Giving choices to those with autism can improve many scenarios. Yes, autism makes it harder to communicate for all parties involved, but it’s by no means impossible.
Madison House Autism Foundation.
I go about clearing up the breakfast dishes while Allen hashes over the choices. I know that he is adverse to strangers in the house; the house is his safe space where things are quiet and regulated to his liking. But a laundromat is a busy place with loud noises, strong scents, and new people. I try to maintain an aloof stance as he processes it. As much as possible, we try to avoid sensory overload which can lead to emotional meltdowns.
Change, whether in one’s self or the environment, typically causes sensory overload, since change affects the person’s ability to process the sensations accompanying that change.
Dr Kenneth Roberson
It takes Allen a full ten minutes to respond. I know he’s heard me, so I don’t repeat the choices. I pour myself a cup of tea and settle into my favorite chair. The Rich Club Network that carries information across a vast highway of connections in Allen’s brain cannot be rushed. It’s like finding the best route from Shangai to New York. He needs time to process.
Eventually, he appears in the living room, shoulders sagging, resigned to acceptance of something he cannot control. He takes a deep breath.
“I guess we can go to the laundromat,” he says. “I mean, just this ONE TIME.”
I nod. “Thank you,” I say. “I need you to help me carry the baskets, so I’m glad you can come.”
“I guess,” he says and heads upstairs to gather the laundry. I get the detergent and car keys.

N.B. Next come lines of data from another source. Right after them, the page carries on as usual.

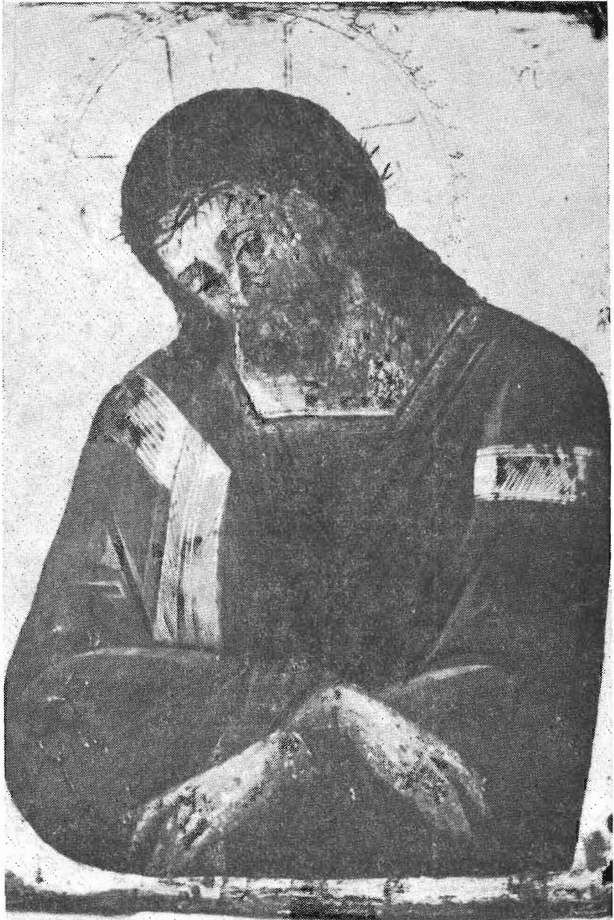
Ὁ Ἐλκόμενος (Μουσεῖον Μονῆς). Ἡ εἰκὼν ἐφ' ἧς ὁ Θεόφιλος ὤρχιζε τοὺς Φιλικούς (βλ. σελ. 73).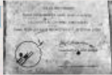
Dalle de Metz, France, sur un pont qui relie un quartier très pauvre au centre historique de la ville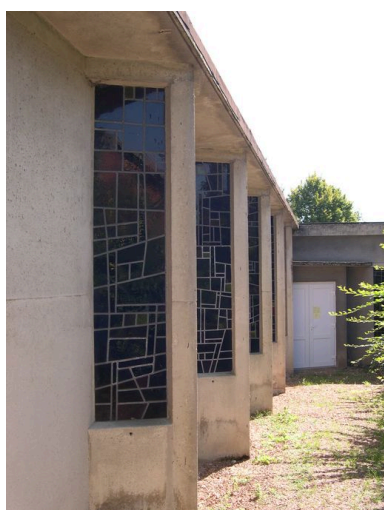
Vue des fenêtres de la façade ouest, depuis le nord. IVR22_20038011014NUCA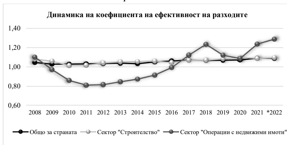
Фигура 6. Динамика на коефициента на ефективност на разходите на предприятията от секторите „Строителство“ и „Операции с недвижими имоти“ и общо за страната за периода 2008-2022 г.

Източник: Разработена от автора по данни на НСИ и собствени изчисления. https://infostat.nsi.bg/infostat/pages/reports/query.jsf?x_2=789 ; https://infostat.nsi.bg/infostat/pages/reports/query.jsf?x_2=1651 .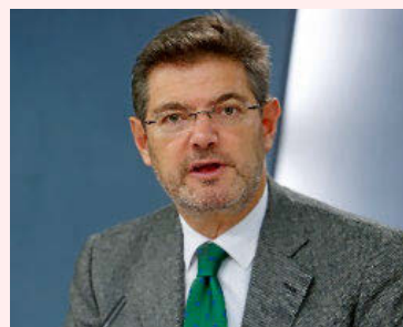
Rafael Catalá, miembro del consejo asesor de Herbert Smith Freehills.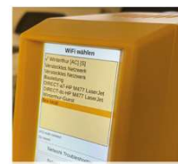
Wi-Fi im gleichen Netzwerk wie der Local Server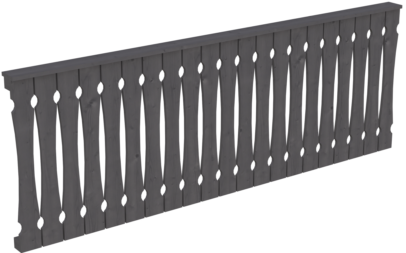
Produktbild AK-Brüstung 270cm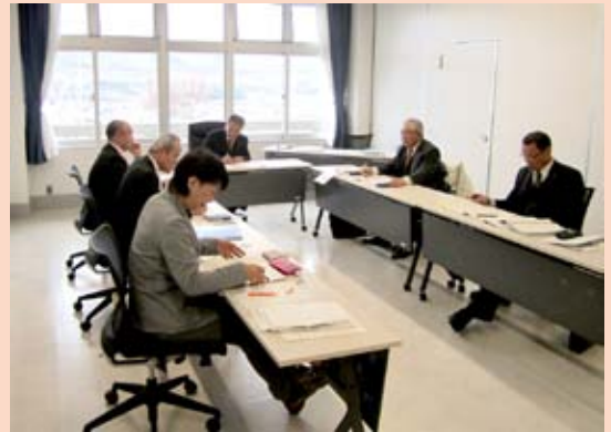
産業建設常任委員会の審議風景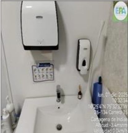
Foto 8. Lavamanos

“You know,” he says as we load the laundry into my car,” I’ll bet we don’t need a repairman. I’ll bet that I can invent a washer we can use from now on.”
Now I’m going to need some time to process.
LESSON LEARNED: When possible, give choices. Choices give back power that was taken away.
Was there a time you needed to give someone a choice between what my grandmothr would have called “the rock and the hard place”?